They shoot only when threatened, Blackwater and U.S. officials say.

October 03, 2007|Peter Spiegel | Times Staff Writer

WASHINGTON — Top State Department officials and the head of their beleaguered private security firm, Blackwater USA, put forth a unified defense Tuesday against an onslaught of congressional criticism over the company's violent encounters with Iraqis.

The State Department and security officials attempted to portray Blackwater's armed guards as highly trained professionals who open fire in the streets of Baghdad only when the lives of the diplomats they are hired to protect are threatened.

At a daylong Capitol Hill hearing, Erik Prince -- the company's chairman and a former Navy SEAL -- responded to accusations of misconduct by defending his employees' performance and maintaining that the State Department was a meticulous overseer that held the contractors to exacting standards.

At the same time, the State Department's top Iraq coordinator, David M. Satterfield, praised Blackwater and said its guards had performed "exceedingly well." He denied that the department had improperly allowed contractors to evade prosecution for wrongdoing.

"We do believe that the overall mission of security contractors in Iraq is performed . . . with professionalism, with courage," Satterfield said.

The mutual defense, in back-to-back appearances before the House Oversight Committee, seemed to frustrate congressional Democrats. At one point, Rep. Jan Schakowsky of Illinois accused the State Department's top security official of parroting Blackwater's "talking points."

The lawmakers cited incidents involving Blackwater guards -- whom they accused of being "cowboys" -- and attempted to present a pattern of wrongdoing. For example, Democrats on the panel demanded explanations for how an intoxicated Blackwater contractor shot and killed a guard for Iraq's vice president on Christmas Eve, and why a company convoy had rammed 18 civilian vehicles in another incident.

But Prince, 38, who answered questions politely, sought to depict any wrongdoing as rare occurrences that his company dealt with promptly by firing the offenders.

"If there is any sort of discipline problem, whether it's bad attitude, a dirty weapon, riding someone's bike that's not his, we fire him," Prince said. "If they don't hold to the standard, they have one decision to make: window or aisle."

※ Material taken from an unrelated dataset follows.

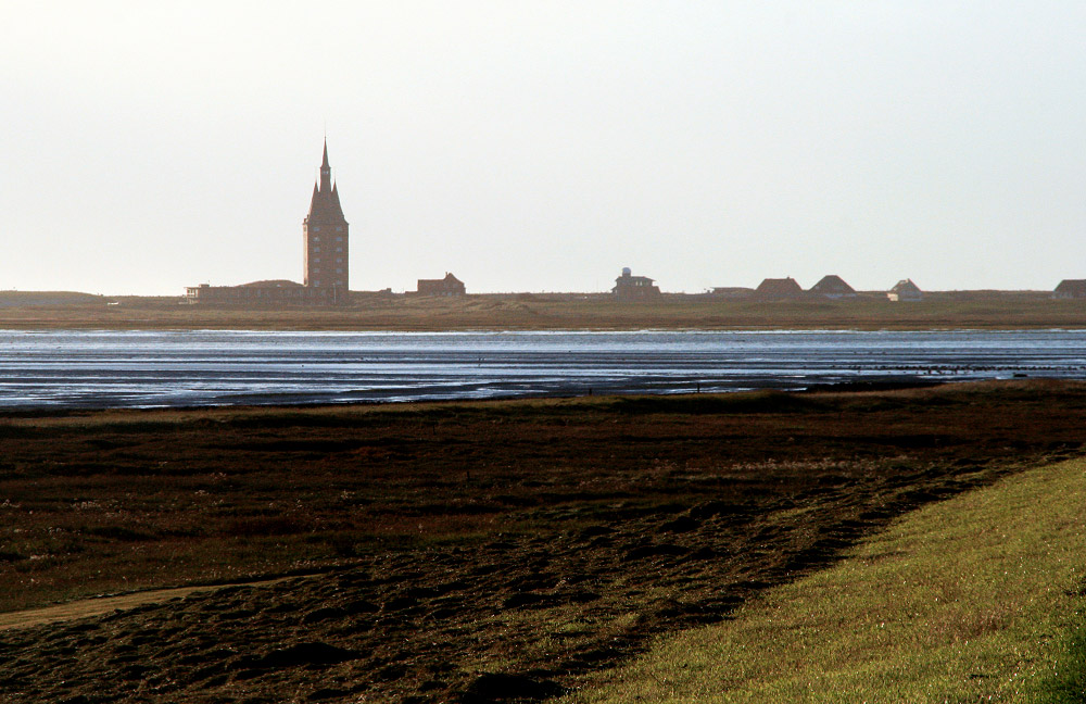 Über das Watt hinweg blicken wir zum Westturm, dem markanten Wahrzeichen von Wangerooge. Einige weitere Gebäude des Westdorfes sieht man ebenfalls noch, so wie beispielsweise das Inselheim Rüstringen mit Sternwarte.

The high-profile inquiry, held in a packed hearing room in which spectators had waited hours to get seats, came in the aftermath of a Sept. 16 shooting involving Blackwater contractors who were protecting a U.S. diplomatic convoy. At least 11 Iraqis died. The incident enraged Iraqi officials, who accused the guards of firing without provocation. They attempted to strip the company of its right to operate inside the country. In recent weeks, Blackwater and the State Department have defended the guards, saying they had acted in response to an ambush.

But at Tuesday's hearing, committee Chairman Henry A. Waxman (D-Beverly Hills) said he would not raise the Sept. 16 incident with Prince after the Justice Department warned that doing so could compromise a just-opened FBI investigation.

Instead, the hearing focused on the Christmas Eve shooting, in which the Blackwater guard was whisked out of Iraq less than 36 hours after the slaying of an Iraqi bodyguard. Pressed to explain Blackwater's decision not to punish the unidentified contractor more severely, Prince said the company had done all it legally could.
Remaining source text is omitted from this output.